◆ Given material:

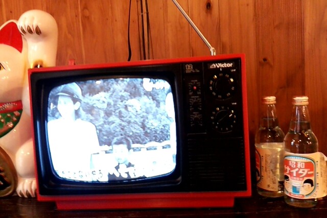 テレビは白黒テレビ(ちゃんと映ってました)、店内には屋台のリアカーを思わせる席が2席分用意
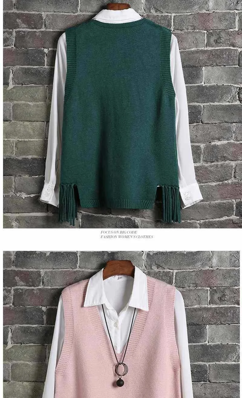 Женский свитер, жилет, осенняя Женская одежда, свободный свитер с V-образным вырезом, жилет, свитер, жилет, короткое пальто
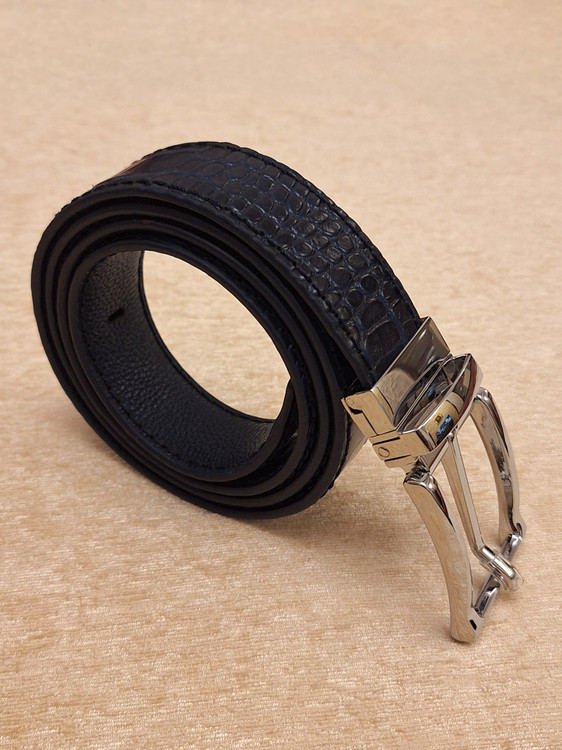 کمربند مردانه دورویه/ سه لایه چرم گاوی اعلای تبریز/ دستدوز/ با سگک چرخشی/ هر دو طرف چرم گاوی (یک طرف سرمه ای کوروکو و یک طرف سرمه ای مرسدس)

◆ What you should do: Nothing but an exact copy of the data above, minus its pictures, should appear in the response.

◆ Answer section:
 テレビは白黒テレビ(ちゃんと映ってました)、店内には屋台のリアカーを思わせる席が2席分用意
 Женский свитер, жилет, осенняя Женская одежда, свободный свитер с V-образным вырезом, жилет, свитер, жилет, короткое пальто
 کمربند مردانه دورویه/ سه لایه چرم گاوی اعلای تبریز/ دستدوز/ با سگک چرخشی/ هر دو طرف چرم گاوی (یک طرف سرمه ای کوروکو و یک طرف سرمه ای مرسدس)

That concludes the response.